* _Task statement_: The records below must be reproduced exactly. Strip out the pictures.

* _Available data_:
----

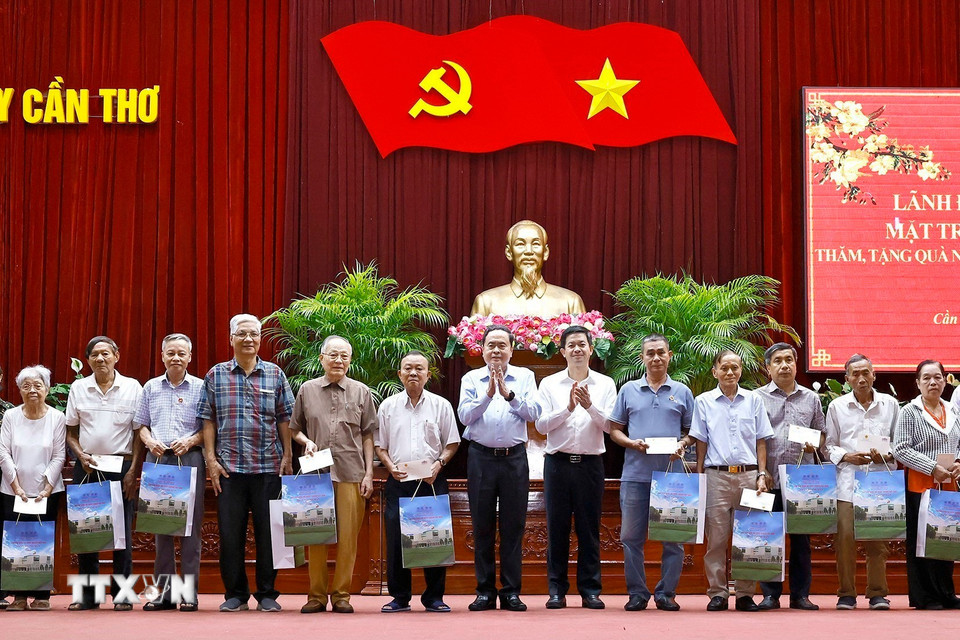 Chủ tịch Quốc hội Trần Thanh Mẫn tặng quà cho gia đình chính sách, lực lượng vũ trang nhân dân, hộ nghèo, cận nghèo, công nhân lao động trên địa bàn thành phố Cần Thơ. (Ảnh: Doãn Tấn/TTXVN)
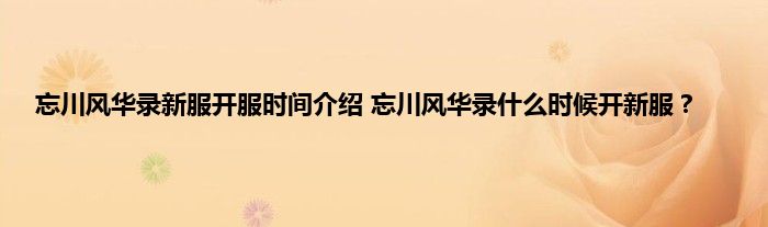 以上就是小编带来的忘川风华录新服开服时间的全部内容。
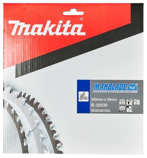 This is Circular Saw Blade Pack of 1 manufactured by Makita. The manufacturer part number is B-32530. Its arbor diameter is about 30mm . It has 1 items per pack . The blade diameter of the product is 260mm . It is designed with a circular saw blade type saw blade . It contains 70 teeth. In addition, its blade is made up of carbide material .
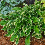 SHADOWLAND® Collection. PP23565 CPBR4948. Medium. 11-18" tall, 28-30" spread, light lavender flowers, part-full shade. Like a little girl's wavy locks, extremely ruffled leaves are wavy all the way from the crown out to the leaf tips. This ruffling is evident even on juvenile plants. Green leaves with cream margins are of good substance. Attracts hummingbirds. Zones 3-9. Bareroot & wrapped in high quality gardening mix.
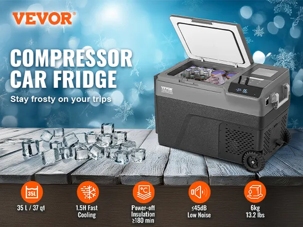 35-litrová chladnička do auta je vybavená vylepšeným kompresorom pre rýchle chladenie už za 1,5 hodiny. Obsahuje funkciu výroby ľadu, ktorá denne vyprodukuje 6 kg ľadu a funguje dobre v širokom teplotnom rozsahu od 16 do 38 °C.
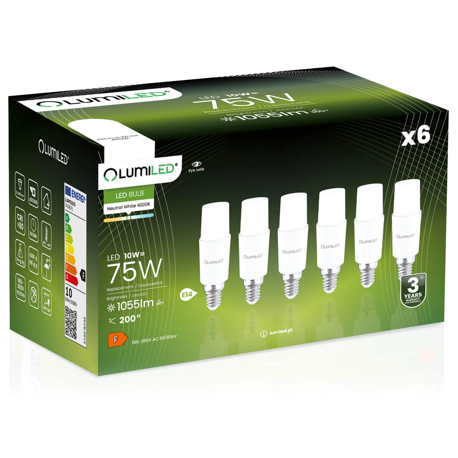 Sada 6 ks LED Stick od renomované a v osvětlování uznávané značky Lumiled s výkonem 10W (odpovídá klasické 75W žárovce) je kvalitní LED světelný zdroj se světelným tokem 1055lm a neutrálním světlem. barva 4000K. Série žárovek STICK se vyznačuje malým stínidlem, které vydává příjemné světlo a zároveň se díky své velikosti (113x36mm) vejde prakticky do každého svítidla se závitem E14.
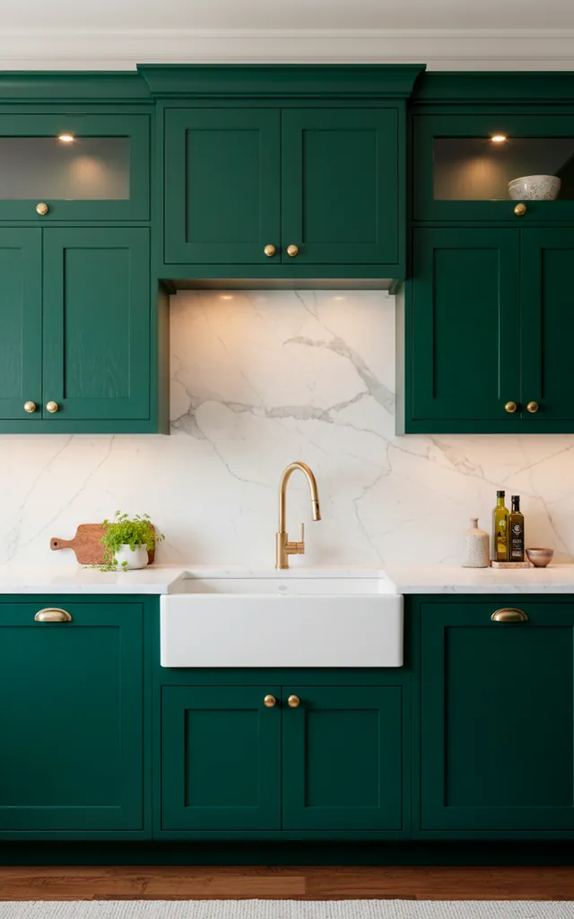 If you want luxury, emerald green is your best friend. Pair it with brass handles, and you’ve got a kitchen that looks like a high-end cocktail bar. I find that deep greens hide those annoying fingerprints way better than white does. Plus, brass adds that warm glow everyone craves. Does it get any classier than this?

----

* _Response to the exercise_:
 Chủ tịch Quốc hội Trần Thanh Mẫn tặng quà cho gia đình chính sách, lực lượng vũ trang nhân dân, hộ nghèo, cận nghèo, công nhân lao động trên địa bàn thành phố Cần Thơ. (Ảnh: Doãn Tấn/TTXVN)
 以上就是小编带来的忘川风华录新服开服时间的全部内容。
 This is Circular Saw Blade Pack of 1 manufactured by Makita. The manufacturer part number is B-32530. Its arbor diameter is about 30mm . It has 1 items per pack . The blade diameter of the product is 260mm . It is designed with a circular saw blade type saw blade . It contains 70 teeth. In addition, its blade is made up of carbide material .
 SHADOWLAND® Collection. PP23565 CPBR4948. Medium. 11-18" tall, 28-30" spread, light lavender flowers, part-full shade. Like a little girl's wavy locks, extremely ruffled leaves are wavy all the way from the crown out to the leaf tips. This ruffling is evident even on juvenile plants. Green leaves with cream margins are of good substance. Attracts hummingbirds. Zones 3-9. Bareroot & wrapped in high quality gardening mix.
 35-litrová chladnička do auta je vybavená vylepšeným kompresorom pre rýchle chladenie už za 1,5 hodiny. Obsahuje funkciu výroby ľadu, ktorá denne vyprodukuje 6 kg ľadu a funguje dobre v širokom teplotnom rozsahu od 16 do 38 °C.
 Sada 6 ks LED Stick od renomované a v osvětlování uznávané značky Lumiled s výkonem 10W (odpovídá klasické 75W žárovce) je kvalitní LED světelný zdroj se světelným tokem 1055lm a neutrálním světlem. barva 4000K. Série žárovek STICK se vyznačuje malým stínidlem, které vydává příjemné světlo a zároveň se díky své velikosti (113x36mm) vejde prakticky do každého svítidla se závitem E14.
 If you want luxury, emerald green is your best friend. Pair it with brass handles, and you’ve got a kitchen that looks like a high-end cocktail bar. I find that deep greens hide those annoying fingerprints way better than white does. Plus, brass adds that warm glow everyone craves. Does it get any classier than this?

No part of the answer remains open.